I have read and enjoyed all three of Chris Zook's strategy books, Profit from the Core, Beyond the Core, and his latest, Unstoppable. They are filled with compelling analysis, which Zook uses to offer practical insights on how companies can grow profitably and create value for shareholders. Zook's description of the focus, expand, redefine cycle of growth is insightful. As the business world becomes less certain, more and more companies will need to move through this cycle. The stories that Zook describes of companies that have successfully navigated around this growth cycle offer guidance to other companies wishing to survive and grow. All of Zook's books are focused on implementation. In Unstoppable, he clearly outlines the questions that need to be answered in order to understand how your business is doing and where to look for hidden assets that can help redefine a company. Any corporate executive should think through Zooks's ten principles of core growth and redefinition and take to heart his message about the need to focus. It is not often that you find action-oriented advice written in such an easy-to-read style. I highly recommend reading Unstoppable.

Important information on how to continue to survive over the long haul...

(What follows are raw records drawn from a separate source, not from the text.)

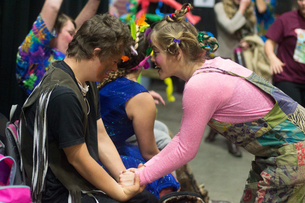 For those of you who don't know what the Penguin Project is, it's a program that brings together students with special need and their peers without special needs together. Each special needs student/artist is paired up with a mentor, a student without specials needs. The purpose of a mentor is to help guide and support their artist throughout the process of the project. The mentor is to memorize their artists lines, lyrics, choreography, and blocking.
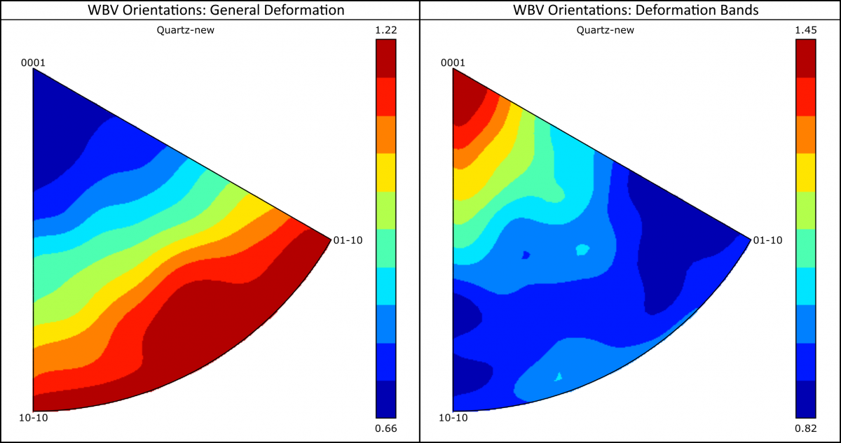 結晶座標系でのバーガースベクトルの向きを示す逆極点図。 左 – 石英粒内の一般的な変形の領域で、基底面に横たわるバーガースベクトルを示しています。 右 – 狭い平行な変形バンドで、<c>方向に近いところに集まったバーガースベクトルを示しています。
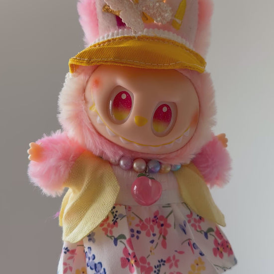 Meet your new pastel cutie! This Lafufu custom plush is dressed in a dreamy, hand-styled outfit: a fluffy pink kitty hood, sunny yellow visor cap with glittery ears, a floral A-line dress, soft yellow cardigan and a pearly necklace with a pink heart charm. A top clip lets you hang her on a bag or display at home.
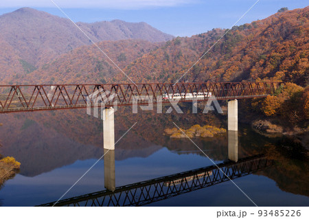 紅葉の山と五十里湖と会津鬼怒川線の湯西川橋梁と列車
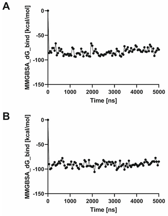 MM-GBSA dG bind over simulation time for SERAAK2-5HT1A (A) and SERAAK2-5-HT2A (B).
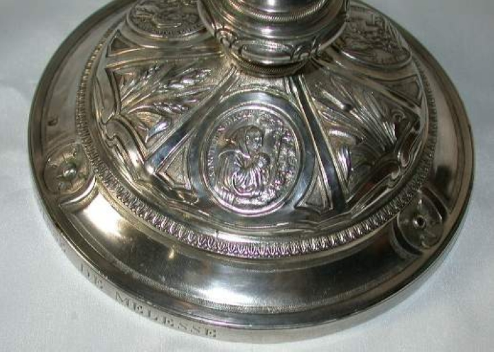 Les poinçons sont sur la coupe, les poinçons officiels sont sur le pied ; le poinçon de fabricant est sur la coupe et la fausse coupe. Inscription gravée sur la bate : PAROISSE DE MELESSE.
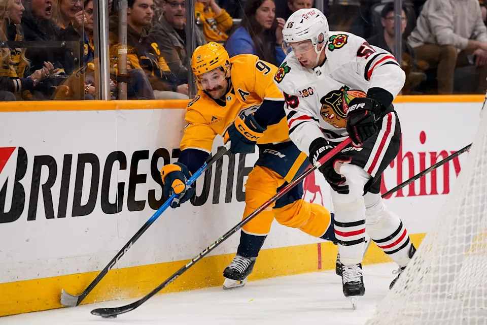 Nashville Predators left wing Filip Forsberg (9) fights for the puck with Chicago Blackhawks defenseman Artyom Levshunov (55) during the first period at Bridgestone Arena in Nashville, Tenn., Thursday, Feb. 26, 2026.
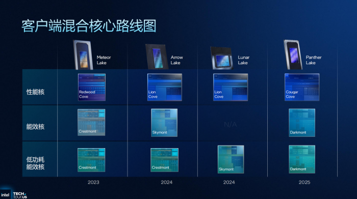 PantherLake的CPU设计又回归了性能核、能效核、低功耗能效核的组合,并且升级了架构——性能核代号为CougarCove,能效核与低功耗能效核代号为Darkmont,均围绕Intel18A工艺进行设计和优化。英特尔表示,PantherLake混合核心策略为,性能核提升单线程性能核吞吐量,能效核提升多线程性能核并行度,低功耗能效核则提高效率。
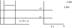 Проведение кредитно-денежной политики вызовет сдвиг кривой LM. Если ЦБ уменьшит предложение денег с M1 до М2, то ставка процента возрастет для каждого уровня дохода Y, следовательно, кривая LM сдвинется вверх.
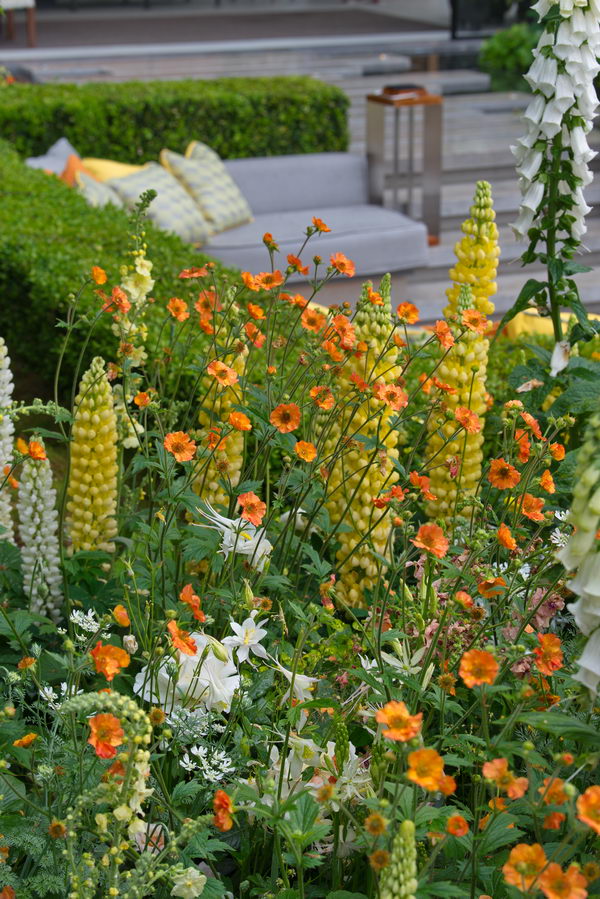 - Aquilegia vulgaris ‘Alba’, Astrantia major ‘Large White’, Camassia leichtlinii ‘Alba’, Delphinium ‘Sungleam’, Design Hay Joung Hwang, Digitalis, Geum ‘Banana Daiquiri’, Geum ‘Totally Tangerine’, Hesperis matronalis ‘White’, LG Eco-City Garden, Lilium perenne ‘Album’, Lupinus ‘Desert Sun’, Lupinus ‘Gallery White’, Melica altissima ‘Alba’, Orlaya grandiflora, Phlox divaricata ‘Fuller’s White’, Ranunculus acris ‘Citrinus’, Tellima grandiflora, Trollius europaeus, Trollius ‘Cheddar’, Trollius ‘Lemon Queen’, Verbascum ‘Gainsborough’
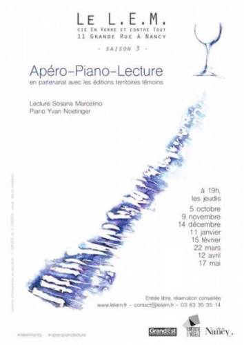 Le LEM et les Editions Territoires Témoins vous proposent un jeudi par mois des Apéros Piano Lecture, un moment festif littéraire et musical à savourer entre amis.
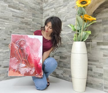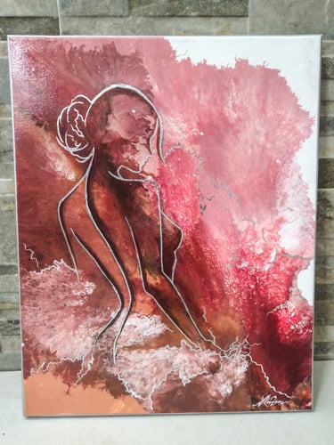 Questa tela, dalle dimensioni di 40x50 cm, fa parte della collezione Whispers of Shape ed è una celebrazione visiva della bellezza e della profonda importanza della donna. I tratti sottili in foglia argento non sono semplici contorni, ma connessioni invisibili che simboleggiano l'energia vitale e la sacralità del principio femminile, un flusso ininterrotto di creazione e mutamento che è parte essenziale dell'infinito flusso della vita.

Nothing stays the same in the business world, and even successful businesses will face their own demise if they are not thinking ahead to their next "core" business. Chris Zook examines this redefinition of business in the book Unstoppable: Finding Hidden Assets to Renew the Core and Fuel Profitable Growth. This is an important book for all businesses, especially those who think they're on top of the curve right now... Contents: Unsustainable to Unstoppable; When to Redefine the Core; Undervalued Business Platforms; Untapped Customer Insights; Underutilized Capabilities; Managing Through the Growth Cycle; Appendix; Notes; Bibliography; Index; About the Author When a company is trying to redefine their core, often they'll do one of three things. They'll either commit ever more deeply to what they currently do, they'll move into an area where they have no experience, or they'll merge with some other group to form a new mega-power. But Zook shows through research that each of those moves has a very small chance of success over the long term. The odds are much better when companies examine what they already have, and then map out how to leverage those hidden assets. They often fall into the categories of undervalued business platforms, unexploited customer assets, or underutilized capabilities. By moving in these areas where you already have traction, the company can be redefined to meet the next growth period. Zook has plenty of case study examples to back up his premise. PerkinElmer went from precision optics to genetic research using a small niche subsidiary they had. American Express took their massive data assets and redefined how they catered to customers. These and many other stories help to flesh out an important message... Change is inevitable, and it's best to be out in front of it, rather than playing catch-up in survival mode. I can't think of too many businesses that wouldn't benefit from a structured examination of what they do and where things are going. Even if you don't feel you need to change right now, it's important to be thinking along those lines. That time *will* come, regardless of whether you want it to or not...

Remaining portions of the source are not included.